Cardiometabolic Risk Assessment in Transgender Individuals-Differential Effect of Sex Hormones and Sex Chromosomes.

CONTEXT

While transgender individuals represent a substantial group seeking medical care, the differential effect of sex on cardiometabolic risk metrics is incompletely understood.

OBJECTIVE

The present study aimed to characterize the effect of sex hormones and chromosomes on a contemporary panel of cardiometabolic risk biomarkers and functional cardiovascular measurements.

METHODS

A total of 17 transgender men and 17 transgender women were studied at baseline (T0), 4 weeks (hormonal castration, T1), and 11 months following gender-affirming hormone treatment (T12). We analyzed carotid intima-media thickness and arterial stiffness, lipoproteins, and other metabolites comprehensively by nuclear magnetic resonance spectroscopy and high-density lipoprotein-mediated cholesterol efflux capacity (CEC) from macrophages.
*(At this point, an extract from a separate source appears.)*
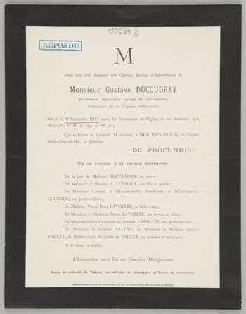 Zawiadomienie o pogrzebie na cmentarzu Montparnasse.

T0 to T12 comparisons informed the effect of sex hormones, comparisons of genetic XX and XY individuals at T1 the effect of sex chromosomes.

RESULTS

Vascular function was comparable at T12 and T0; systolic blood pressure increased in transgender men (P = .002). Transgender men developed a proatherogenic lipoprotein profile; estrogen treatment in transgender women tended to result in improvements. Several metabolites indicating increased diabetes risk including plasma glucose were changed in transgender men (P = .025), with opposite changes in transgender women (P = .002). Interestingly, at T1 apparent diabetes risk was lower in XX compared with XY individuals (P = .002). CEC decreased in transgender women (P < .01), while remaining unchanged in transgender men. However, in both groups the strong positive association of apolipoprotein A-1 with cholesterol efflux observed at T0 was lost at T12.

CONCLUSION

The results are consistent with increased cardiometabolic risk in transgender men, while transgender women show beneficial changes early during gender-affirming hormone therapy. Sex chromosomes have fewer intrinsic effects. XY individuals and transgender men display an increased apparent diabetes risk. Further research on cardiometabolic risk is needed for transgender individuals.